[Given information Boundary: Start]
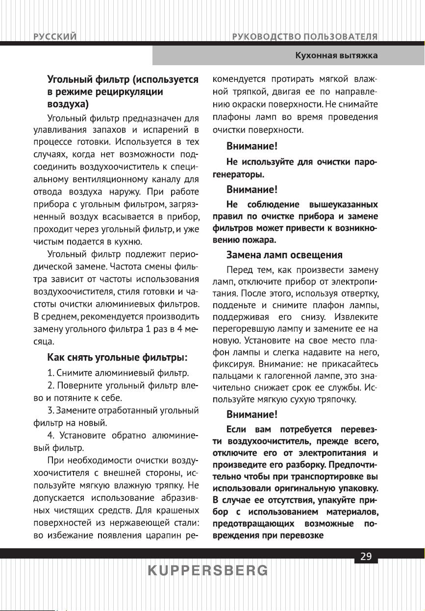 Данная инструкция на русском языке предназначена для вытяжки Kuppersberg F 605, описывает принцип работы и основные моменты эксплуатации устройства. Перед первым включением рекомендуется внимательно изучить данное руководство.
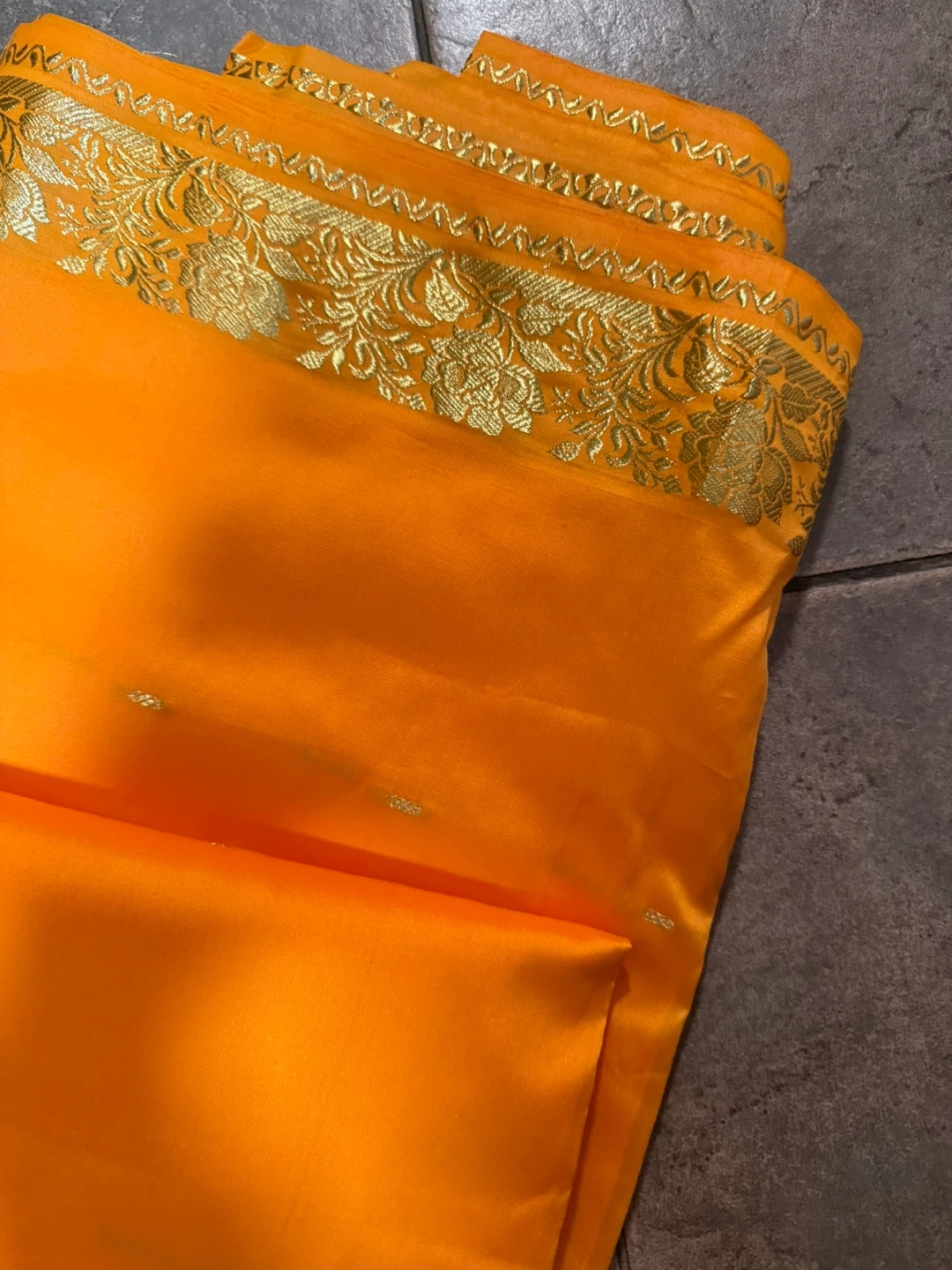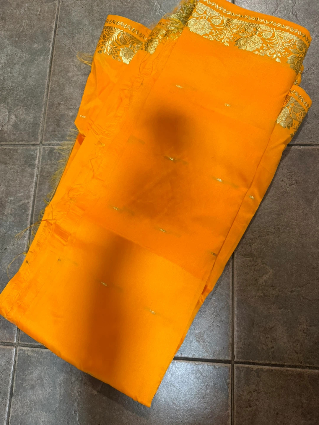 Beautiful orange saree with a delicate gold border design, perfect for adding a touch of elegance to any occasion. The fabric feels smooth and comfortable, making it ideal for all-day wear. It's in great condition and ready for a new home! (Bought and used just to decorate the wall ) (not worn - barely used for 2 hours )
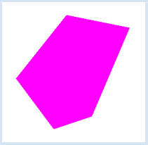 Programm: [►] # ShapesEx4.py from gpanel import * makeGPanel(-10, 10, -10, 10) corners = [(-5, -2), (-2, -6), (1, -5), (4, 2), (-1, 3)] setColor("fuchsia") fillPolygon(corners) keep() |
[Given information Boundary: End]
Assigned task.
Could you return exactly the lines starting with the one that contains "Beautiful orange saree" and ending with the last line of the data above? Leave the pictures out.

Answer to this problem.
 Beautiful orange saree with a delicate gold border design, perfect for adding a touch of elegance to any occasion. The fabric feels smooth and comfortable, making it ideal for all-day wear. It's in great condition and ready for a new home! (Bought and used just to decorate the wall ) (not worn - barely used for 2 hours )
 Programm: [►] # ShapesEx4.py from gpanel import * makeGPanel(-10, 10, -10, 10) corners = [(-5, -2), (-2, -6), (1, -5), (4, 2), (-1, 3)] setColor("fuchsia") fillPolygon(corners) keep() |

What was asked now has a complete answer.